Drop every picture. Then return, exactly, the lines from the beginning of the listing below through the one containing "for the key.".
#####
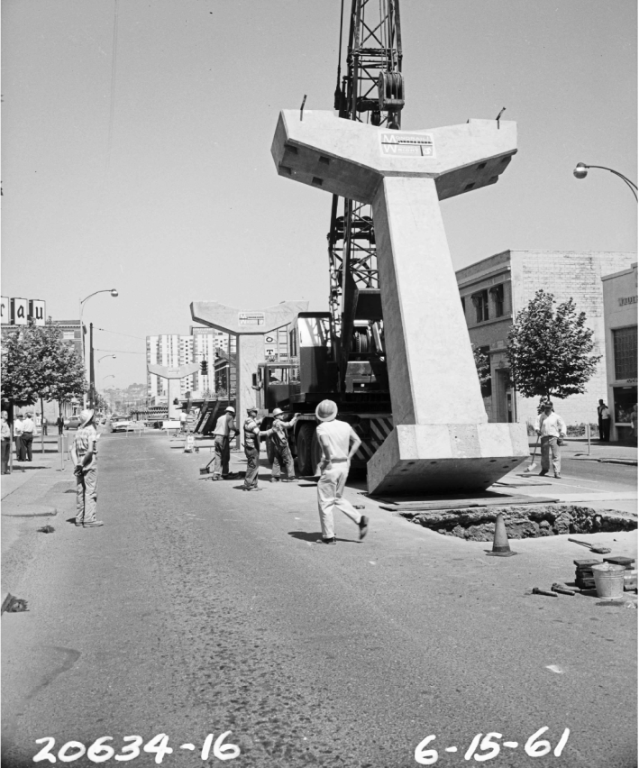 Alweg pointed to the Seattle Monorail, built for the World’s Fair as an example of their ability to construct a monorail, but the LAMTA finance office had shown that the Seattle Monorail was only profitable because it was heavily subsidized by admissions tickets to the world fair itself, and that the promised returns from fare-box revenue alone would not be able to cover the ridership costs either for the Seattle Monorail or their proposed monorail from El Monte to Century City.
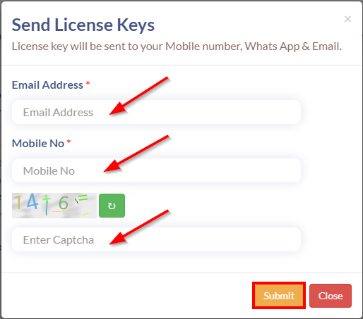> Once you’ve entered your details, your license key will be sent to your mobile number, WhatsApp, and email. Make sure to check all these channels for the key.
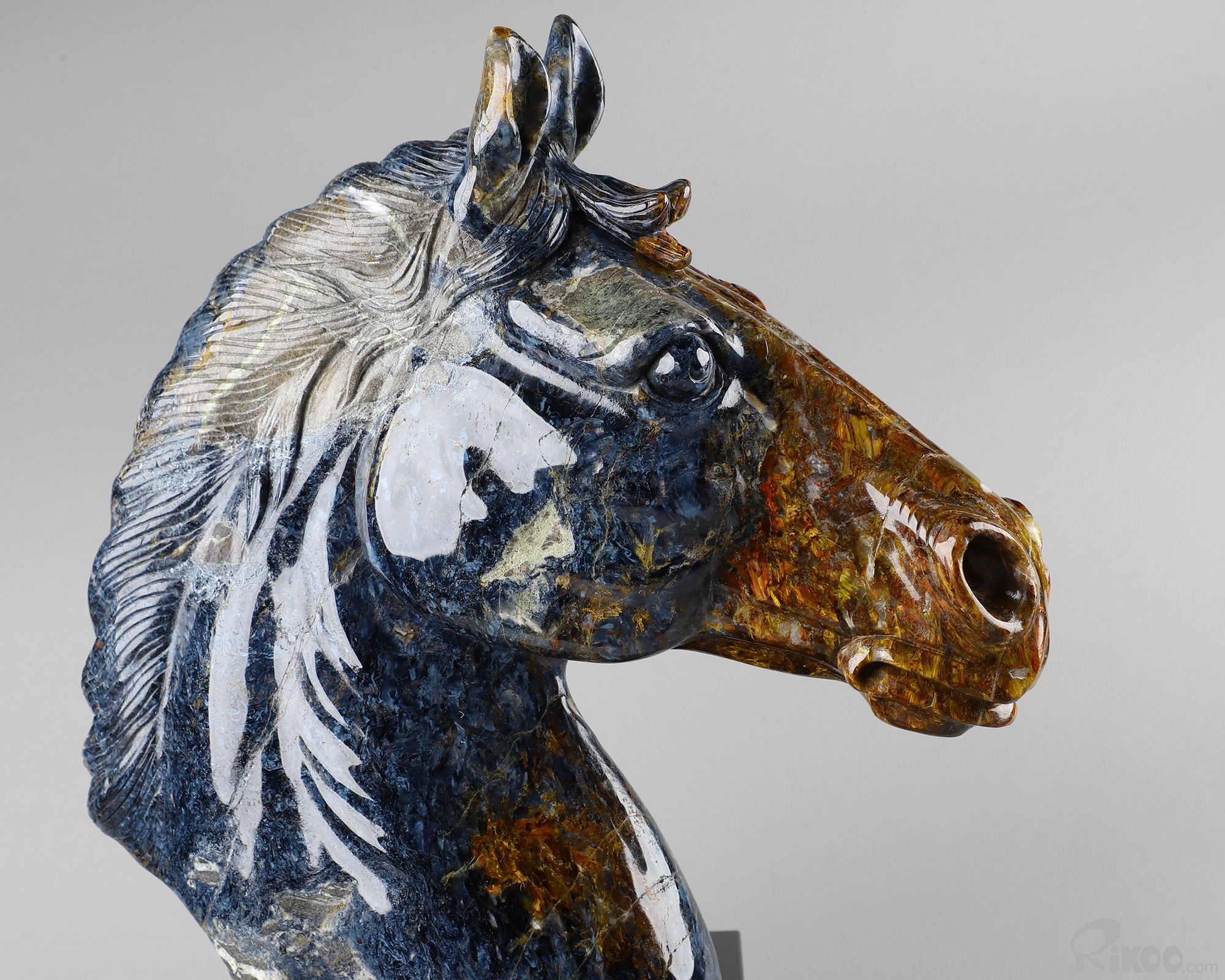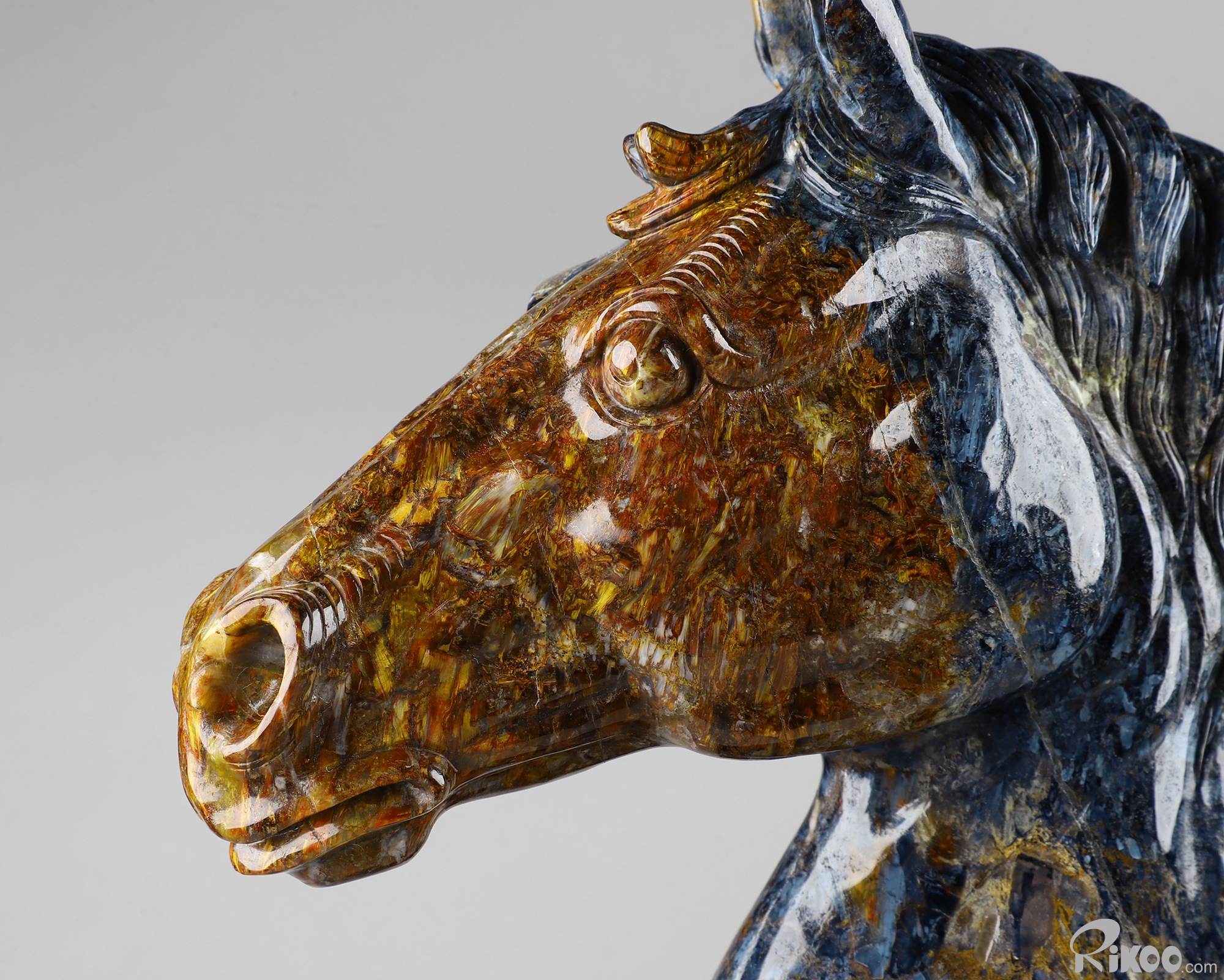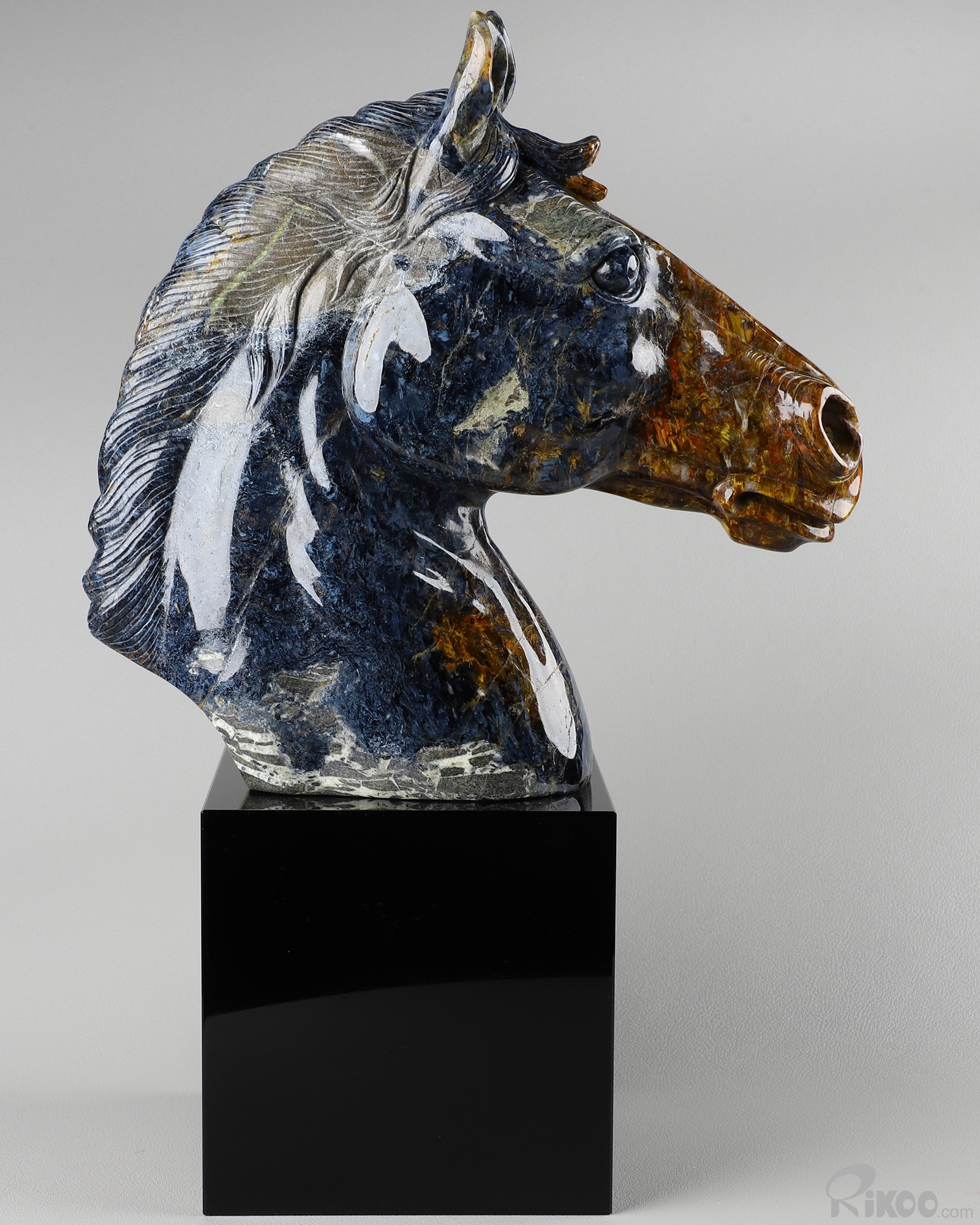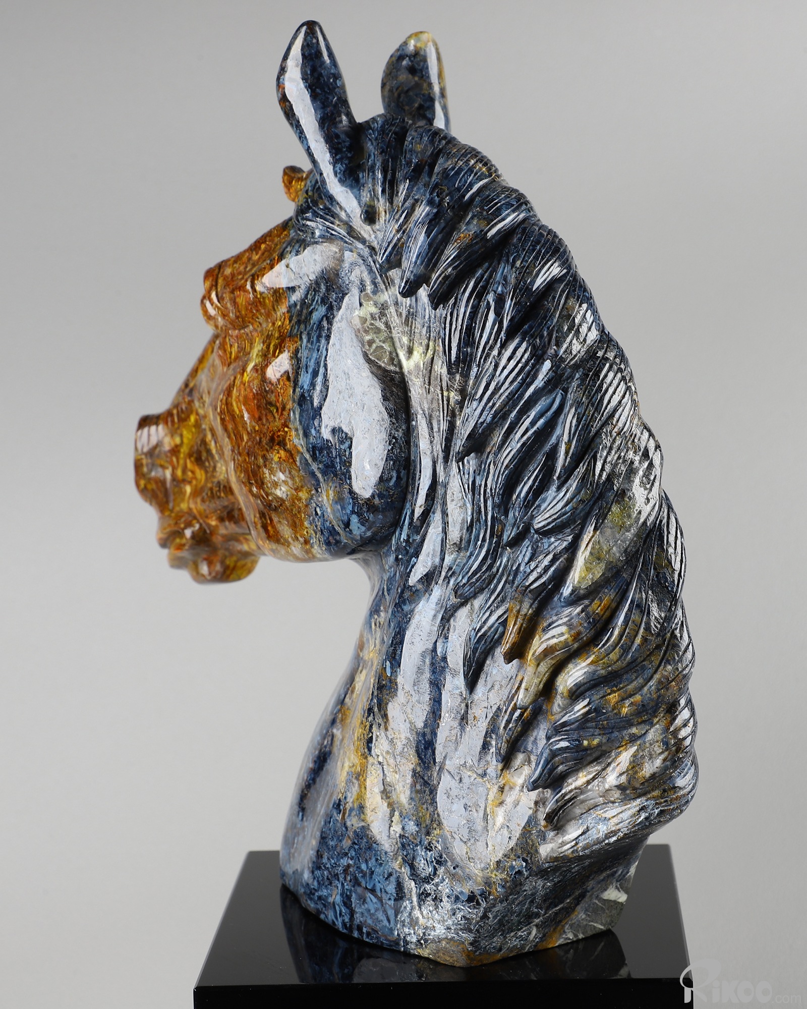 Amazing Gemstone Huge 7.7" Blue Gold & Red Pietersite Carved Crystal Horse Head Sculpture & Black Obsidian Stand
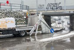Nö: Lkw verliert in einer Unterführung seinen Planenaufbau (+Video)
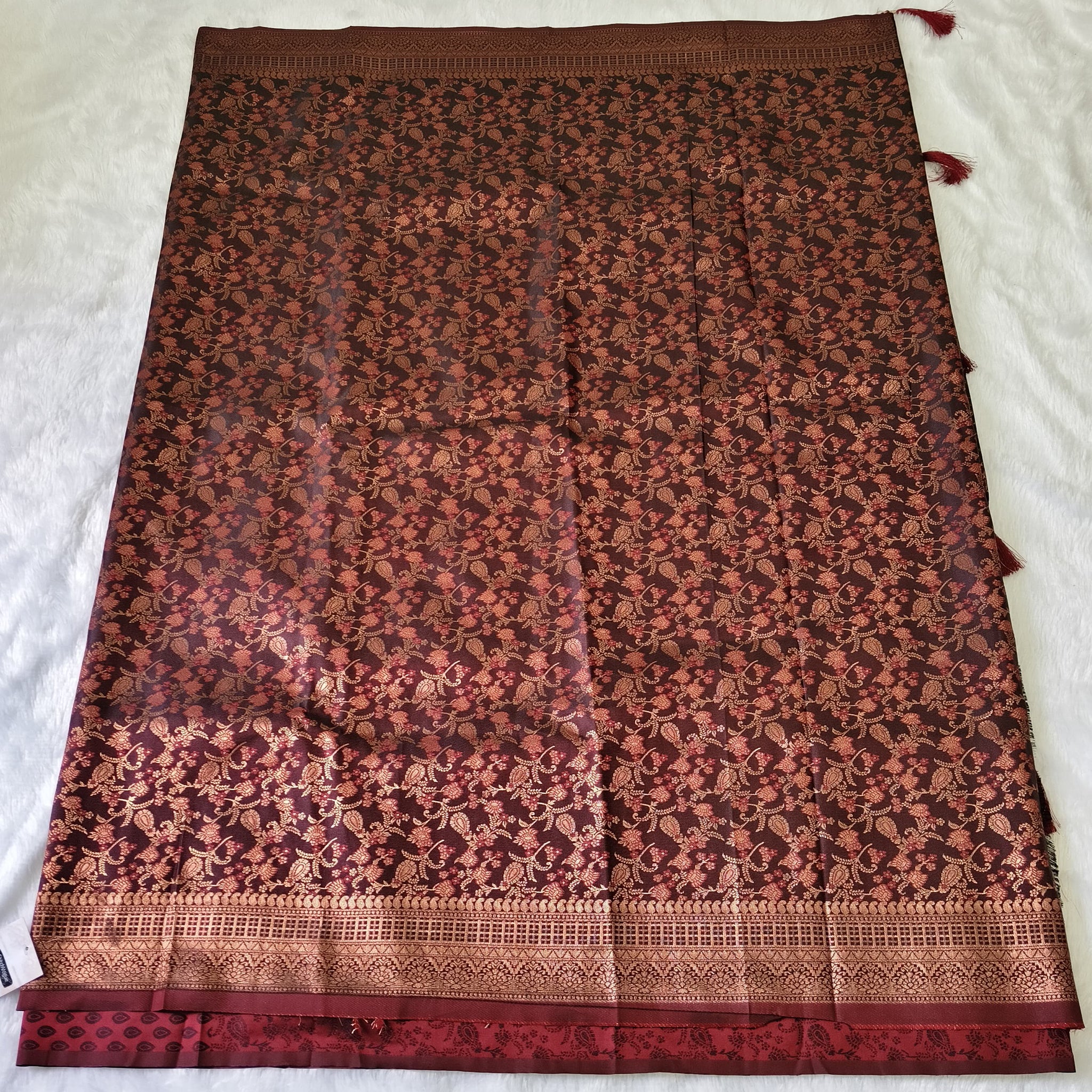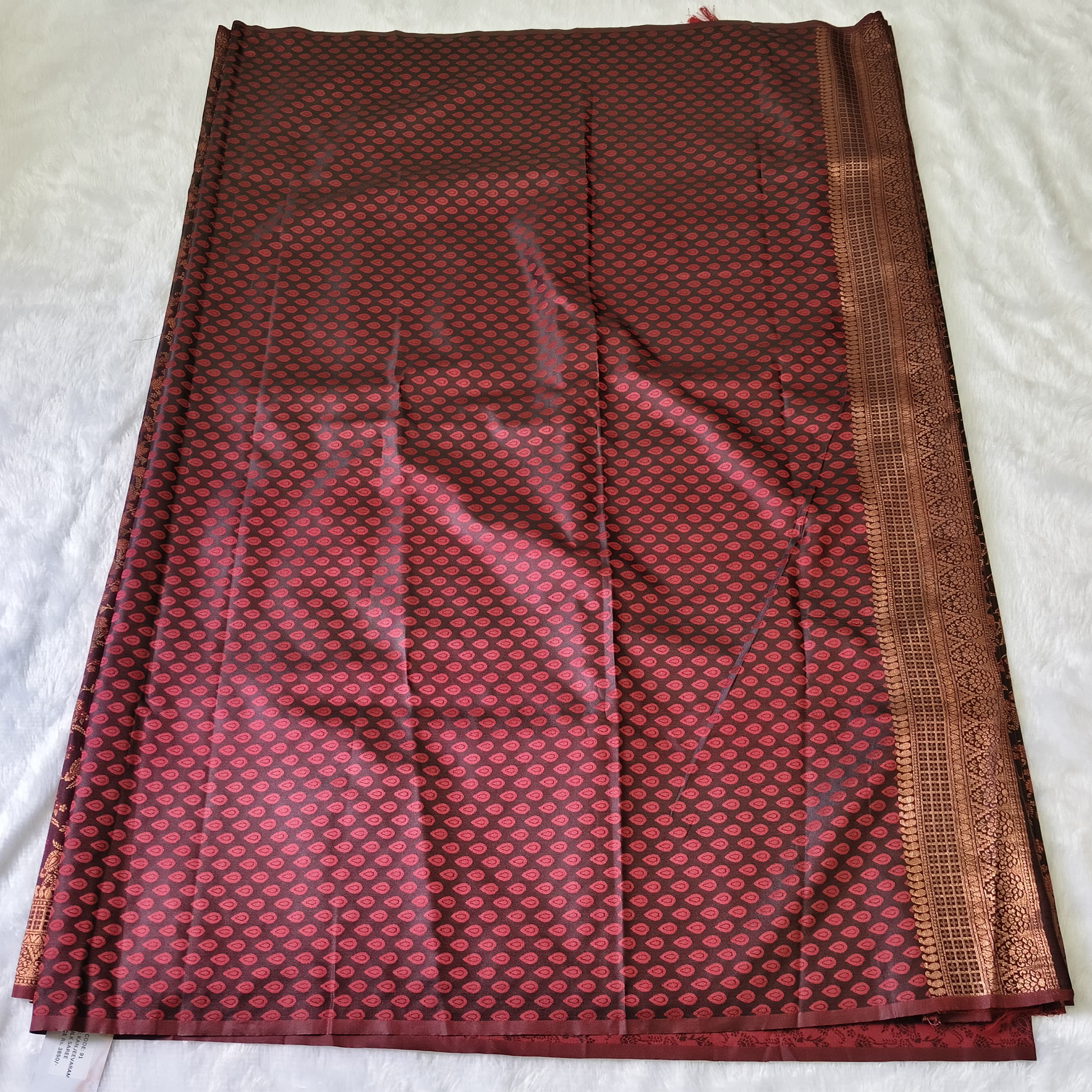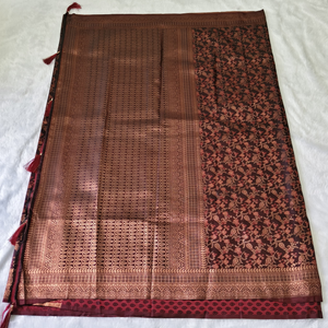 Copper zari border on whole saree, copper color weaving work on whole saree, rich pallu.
#####
Answer:
 Alweg pointed to the Seattle Monorail, built for the World’s Fair as an example of their ability to construct a monorail, but the LAMTA finance office had shown that the Seattle Monorail was only profitable because it was heavily subsidized by admissions tickets to the world fair itself, and that the promised returns from fare-box revenue alone would not be able to cover the ridership costs either for the Seattle Monorail or their proposed monorail from El Monte to Century City.
> Once you’ve entered your details, your license key will be sent to your mobile number, WhatsApp, and email. Make sure to check all these channels for the key.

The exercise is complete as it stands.